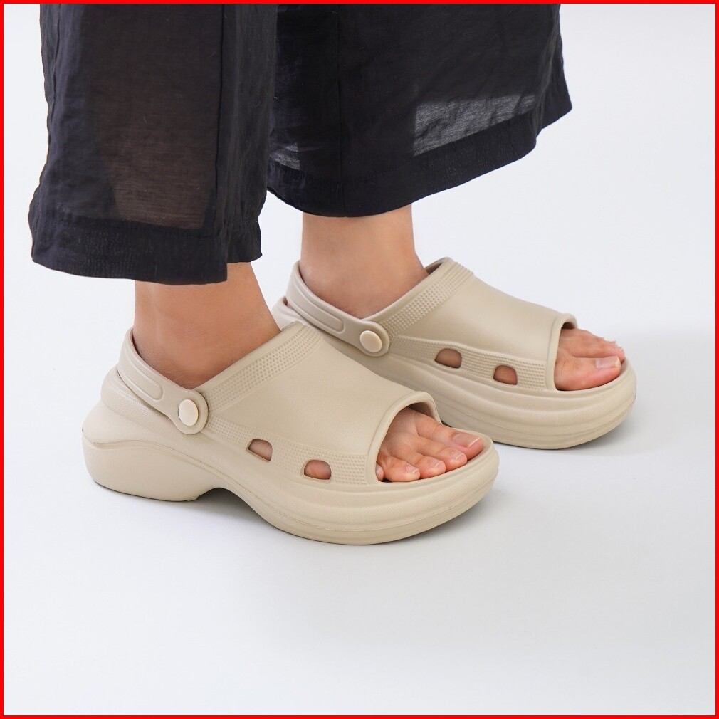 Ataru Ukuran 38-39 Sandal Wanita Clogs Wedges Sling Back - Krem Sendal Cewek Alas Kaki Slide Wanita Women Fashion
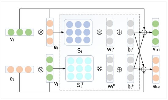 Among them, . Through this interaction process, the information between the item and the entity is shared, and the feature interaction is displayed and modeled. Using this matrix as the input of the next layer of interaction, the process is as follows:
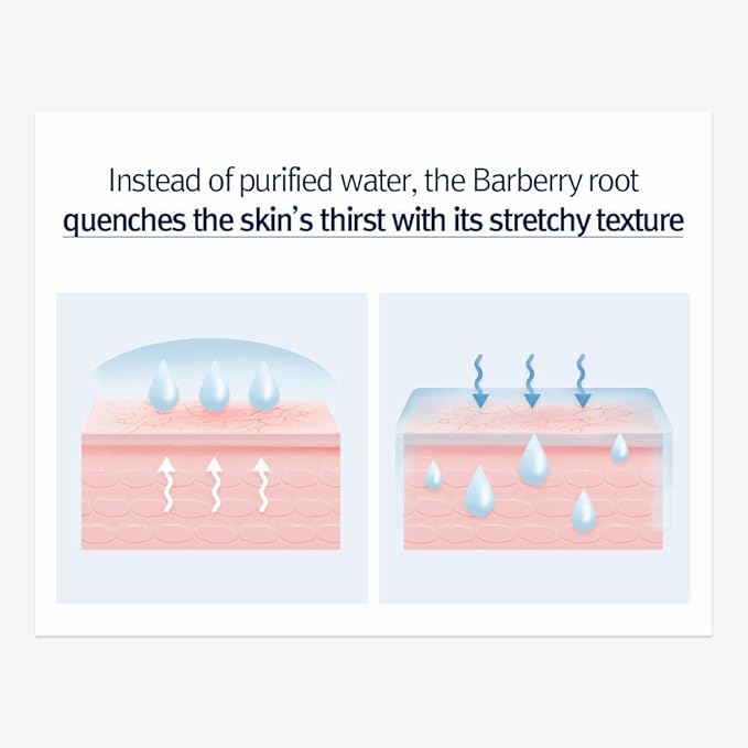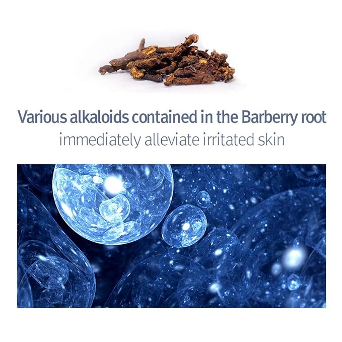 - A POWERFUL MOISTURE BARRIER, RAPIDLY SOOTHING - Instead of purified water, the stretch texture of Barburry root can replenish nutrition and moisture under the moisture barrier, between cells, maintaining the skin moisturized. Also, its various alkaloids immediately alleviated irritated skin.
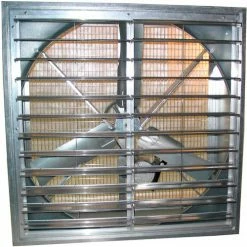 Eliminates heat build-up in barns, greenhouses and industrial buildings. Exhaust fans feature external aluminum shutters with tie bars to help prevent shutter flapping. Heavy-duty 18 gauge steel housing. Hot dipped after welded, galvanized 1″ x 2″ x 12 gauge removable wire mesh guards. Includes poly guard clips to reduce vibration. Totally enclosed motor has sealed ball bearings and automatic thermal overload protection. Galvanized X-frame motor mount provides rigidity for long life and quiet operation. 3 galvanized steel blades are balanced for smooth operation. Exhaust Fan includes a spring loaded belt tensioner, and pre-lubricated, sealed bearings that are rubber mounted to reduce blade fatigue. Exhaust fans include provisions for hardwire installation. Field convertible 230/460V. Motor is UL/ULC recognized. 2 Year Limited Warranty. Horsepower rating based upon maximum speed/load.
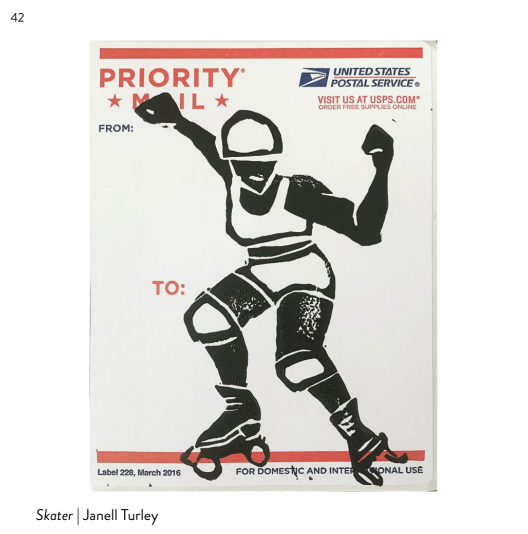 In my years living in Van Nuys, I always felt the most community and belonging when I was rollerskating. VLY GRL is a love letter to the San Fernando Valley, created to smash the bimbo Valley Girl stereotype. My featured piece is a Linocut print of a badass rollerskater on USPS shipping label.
- - -
- **Goal of the exercise**
The required output is each line above restated verbatim, with all images omitted.

- **Problem solution**
 Ataru Ukuran 38-39 Sandal Wanita Clogs Wedges Sling Back - Krem Sendal Cewek Alas Kaki Slide Wanita Women Fashion
 Among them, . Through this interaction process, the information between the item and the entity is shared, and the feature interaction is displayed and modeled. Using this matrix as the input of the next layer of interaction, the process is as follows:
 - A POWERFUL MOISTURE BARRIER, RAPIDLY SOOTHING - Instead of purified water, the stretch texture of Barburry root can replenish nutrition and moisture under the moisture barrier, between cells, maintaining the skin moisturized. Also, its various alkaloids immediately alleviated irritated skin.
 Eliminates heat build-up in barns, greenhouses and industrial buildings. Exhaust fans feature external aluminum shutters with tie bars to help prevent shutter flapping. Heavy-duty 18 gauge steel housing. Hot dipped after welded, galvanized 1″ x 2″ x 12 gauge removable wire mesh guards. Includes poly guard clips to reduce vibration. Totally enclosed motor has sealed ball bearings and automatic thermal overload protection. Galvanized X-frame motor mount provides rigidity for long life and quiet operation. 3 galvanized steel blades are balanced for smooth operation. Exhaust Fan includes a spring loaded belt tensioner, and pre-lubricated, sealed bearings that are rubber mounted to reduce blade fatigue. Exhaust fans include provisions for hardwire installation. Field convertible 230/460V. Motor is UL/ULC recognized. 2 Year Limited Warranty. Horsepower rating based upon maximum speed/load.
 In my years living in Van Nuys, I always felt the most community and belonging when I was rollerskating. VLY GRL is a love letter to the San Fernando Valley, created to smash the bimbo Valley Girl stereotype. My featured piece is a Linocut print of a badass rollerskater on USPS shipping label.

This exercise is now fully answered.